If you shoot someone in the chest or head with a firearm, you are doing the exact same thing as a hunter killing a deer.
1.) The deer is not attacking you. (Attack means unprovoked violence upon another, in the context of self-defense.) 2.)You are not going to eat your human attacker. (I hope.) 3.)If you shoot a deer and fail to kill and collect it, most States can charge you with "wanton waste" or some such. If you gut shoot a human attacker and he ceases the attack, you either disarm him and render aid or hold him if he still has the gun, and watch him bleed out, I guess. I never want to be in that situation myself, and practice other things as much as possible to avoid it. 4.) If you are equating the emotional context of shooting a deer vs. shooting a human, it goes against human nature to want to kill another human, and for many, a deer, too. Read
On Combat, by LTC Dave Grossman; it explains this tendency to avoid killing another human very well.

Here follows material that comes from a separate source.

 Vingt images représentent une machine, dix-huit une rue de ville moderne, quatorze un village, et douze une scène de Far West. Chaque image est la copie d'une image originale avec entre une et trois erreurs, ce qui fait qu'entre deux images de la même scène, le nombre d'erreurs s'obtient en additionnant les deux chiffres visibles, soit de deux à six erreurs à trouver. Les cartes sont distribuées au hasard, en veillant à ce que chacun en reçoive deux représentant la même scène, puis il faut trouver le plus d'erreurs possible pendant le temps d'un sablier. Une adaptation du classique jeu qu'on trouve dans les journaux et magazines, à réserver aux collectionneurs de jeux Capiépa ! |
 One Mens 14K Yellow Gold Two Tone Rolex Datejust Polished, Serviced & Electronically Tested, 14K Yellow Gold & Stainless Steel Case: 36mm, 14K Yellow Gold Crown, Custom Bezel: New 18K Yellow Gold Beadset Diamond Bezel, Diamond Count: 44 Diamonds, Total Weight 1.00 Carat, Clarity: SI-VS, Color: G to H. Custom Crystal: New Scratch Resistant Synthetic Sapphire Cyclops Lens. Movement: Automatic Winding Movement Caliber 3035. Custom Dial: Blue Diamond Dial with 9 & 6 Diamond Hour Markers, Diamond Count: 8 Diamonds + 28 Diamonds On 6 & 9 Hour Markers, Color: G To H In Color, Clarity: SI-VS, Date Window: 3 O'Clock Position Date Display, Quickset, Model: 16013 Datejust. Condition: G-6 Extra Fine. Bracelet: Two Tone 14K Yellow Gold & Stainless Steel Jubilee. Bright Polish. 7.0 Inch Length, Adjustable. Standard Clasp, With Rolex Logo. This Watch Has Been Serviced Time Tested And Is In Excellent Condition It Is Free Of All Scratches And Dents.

Why do rifles exist if you only have to worry about shooting 3-5 yards?
Do you carry a rifle as you go about your day? Handguns are a compromise. Some can shoot them farther more accurately than others, but speed and accuracy are a continuum that changes with range.
Does rescuing a hostage somehow make you shoot more accurately?

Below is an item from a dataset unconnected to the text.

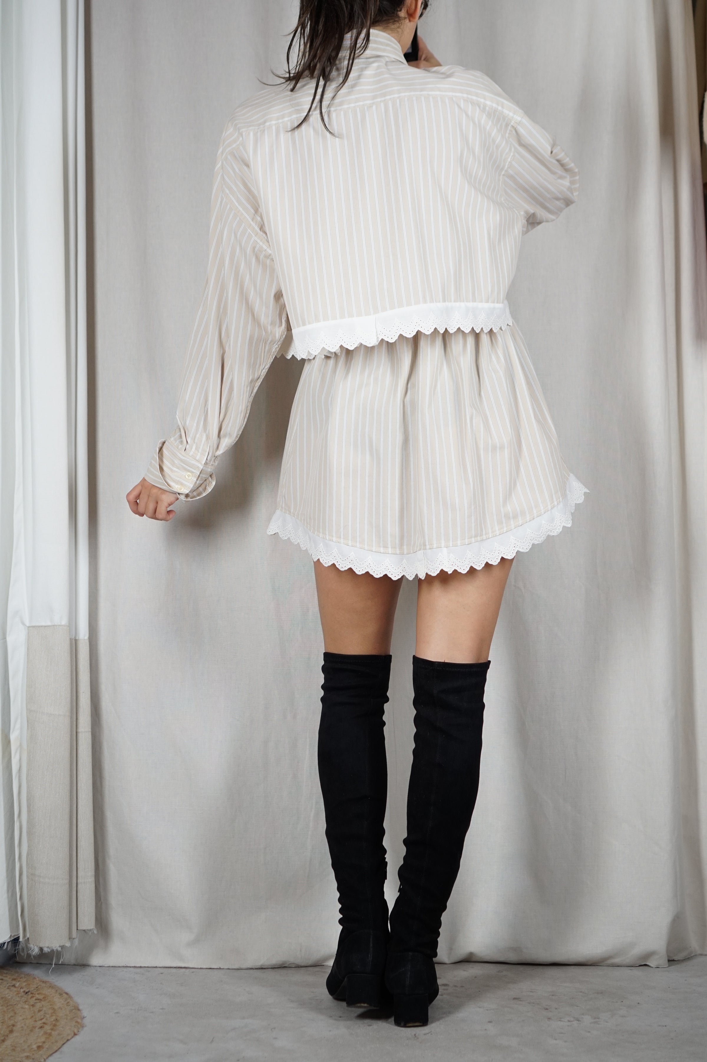 L'Ensemble Chemise Sable Rayé - Pièce unique faut le voir porté © - Coton & Broderie anglaise - T. 38 & 40

No. This is why cops are trained to keep the situation static until the professionals that train for such occasions show up. (SWAT, CIRT, whatever you want to call them.)

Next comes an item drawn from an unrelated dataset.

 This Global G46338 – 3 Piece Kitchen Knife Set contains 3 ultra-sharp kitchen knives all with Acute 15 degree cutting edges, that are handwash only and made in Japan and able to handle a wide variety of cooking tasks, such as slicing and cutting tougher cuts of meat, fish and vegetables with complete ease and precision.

I actually DO have some training in door kicking, and I still would not want to attempt it.
So if you're not trying to rescue a hostage, your plan is to just spray and pray?
No; we all (hopefully) train to be as accurate as possible as fast as possible. As the range decreases, speed becomes more important, precision less so. Cops train to distract the hostage taker while the SWAT team sets up to do what they do.
While in ROTC, I participated in a 'hostage situation' scenario. As freshmen, we were the hostage takers, the sophomores were the hostages, and juniors and seniors were the anti-terrorist unit. (we were supposed to be terrorists; a domestic hostage situation is handled differently.)
As one of the 'terrorists' assigned to watch the hostages, both the hostages and the other 'terrorists' were horrified that when the attack on us was initiated, and entry was made in the building, I turned and 'executed' (by firing blanks at the wall over their heads) all of the hostages. The officer in charge of the scenario later asked me why I did that. I answered "Because that is what they are trained to do. They do not expect to survive-they view themselves as martyrs"
I had a little (very little) training in door kicking, and it is a skill that requires precision and speed. very few can do it, and while I did it OK then, it's a perishable skill, one I'd not want to attempt now.
No, but it's a far more realistic possibility with an edged weapon with a pistol.
This tells me you have had no realistic training with guns
or edged weapons.
I just speak normal English, sorry.
It's not your speaking (writing in this case) of English, it's the comprehension.